Капри - остров маленький | страница 37



Нет, он не сказал: «Я его убью». Он сказал: «ammazzero». Это не одно и то же. Простой перевод здесь не дает точного представления. Слово «убивать» какое-то холодное, даже равнодушное. Его звучание какое-то клейкое, и смысл его вкрадчивый, змеиный, оно напоминает сладостное коварство кинжала и короткий выстрел браунинга. А слово «ammazzero» означает не смерть, а уничтожение, насилие, обрушивающееся сверху, кулаки, куча избитых тел, лежащих в углу. Точнее надо было бы перевести: «Я его изничтожу». И одновременно представить себе этого маленького, хрупкого, хилого человечка.

Он сделал еще один шаг по направлению к кровати. Комната, такая светлая, с желтыми занавесями, с солнечными бликами на розовой плитке, женщина в голубом, голова Ратацци на белой подушке — все повернуто, направлено к маленькому черному человечку, смешному со своей шляпой в одной руке и с револьвером — в другой, с тусклым взглядом из-за жалких очков. А он приближался. И словно вся комната начала двигаться вместе с ним. Вся тяжесть комнаты. Он был похож на человека, который идет по доске, стараясь сохранить равновесие. Он идет, приближается. Доска медленно клонится в одну сторону, вот-вот перевернется. И пейзаж вместе с ней.

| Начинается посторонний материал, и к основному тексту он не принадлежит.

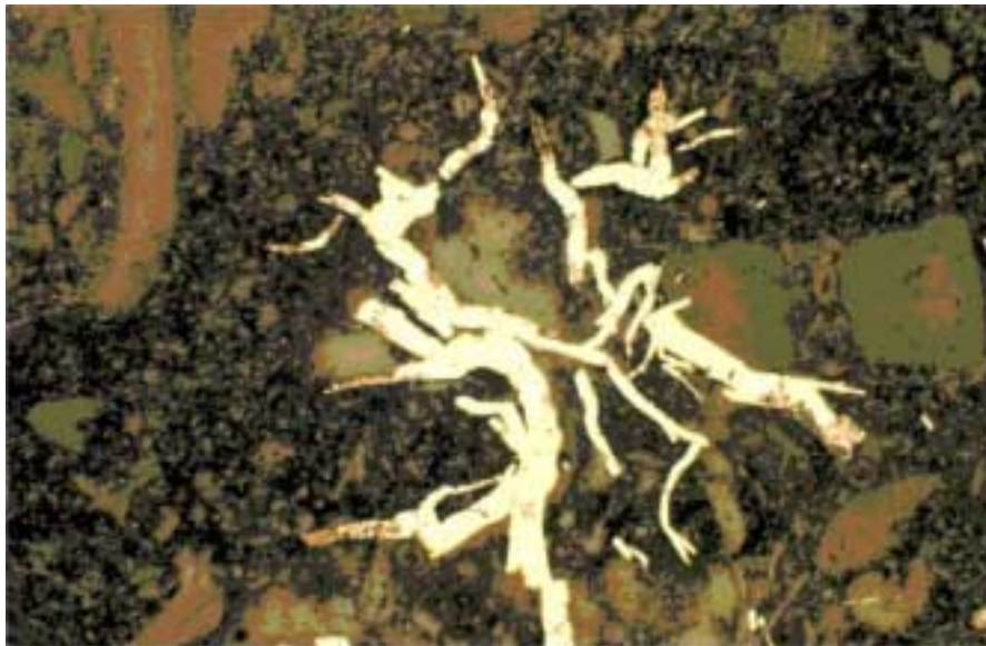
Figure 1. (top) Authigenic pyrrhotite seen in polished thin section in sample taken from 75 m depth, drill hole ATH 94-01, Lac Minerals. The image length is 4 mm. Pyrrhotite locally makes up 1-5% of the calcareous shales of the Waterways Formation (Mid. - Upper Devonian) in NE Alberta. The presence of authigenic pyrrhotite is interpreted to indicate highly reducing conditions associated with bacterial sulfate reduction (BSR) in upflow zones.

— Антуан! — воскликнула женщина.

Она рванулась вперед всем своим крупным телом.

Взгляд мужа пригвоздил ее к месту.

— Боже мой! — добавила она.

Человек обычно говорит себе: «Моя жена! Любовник! Я убью его». И в воображении сразу возникает зимний сад, где под пальмой запечатлевается преступный поцелуй измены. Или, предположим, два переплетенных тела, борющихся, задыхающихся, охваченных лихорадкой, охваченных такой яростью, такой страстью, что они естественным образом овладевают и обманутым мужем. А здесь — солнечная комната с лежащим человеком, который закрывается простыней и глядит на тебя. Он молчит. Он ждет. Где тут адюльтер? В постели только какой-то больной. Муж? Револьвер? А может, это доктор, берущий в руки свой стетоскоп?

— Вставай! — сказал Пальмиро.

— Но…

— Вставай.

Жить внутри драмы трудно. Мысленно представляешь себе, представляешь. Другой, может быть, смог бы закричать, зарычать, наполниться драмой до кончиков ногтей, и выстрел в суматохе прогремел бы сам собой. Но Пальмиро не любит кричать. Он никогда не умел кричать. Даже в самом страшном своем гневе в нем остается кто-то, кто следит за ним. Кто смотрит на Ратацци, высовывающего свои толстые ноги, высовывающего их медленно, осторожно, потом внезапно, одним рывком, встающего у стены с видом на Везувий за его плечами. А он голый. И его еще нужно убивать, нужно устраивать весь этот кавардак. А он совсем голый. Ну разве можно убивать голого человека? У него же такой беспомощный, такой ничтожный вид. Голый человек, если нет к этому привычки, кажется уже сам по себе чем-то неживым. Он существует, но как бы едва-едва, как бы почти и не существует.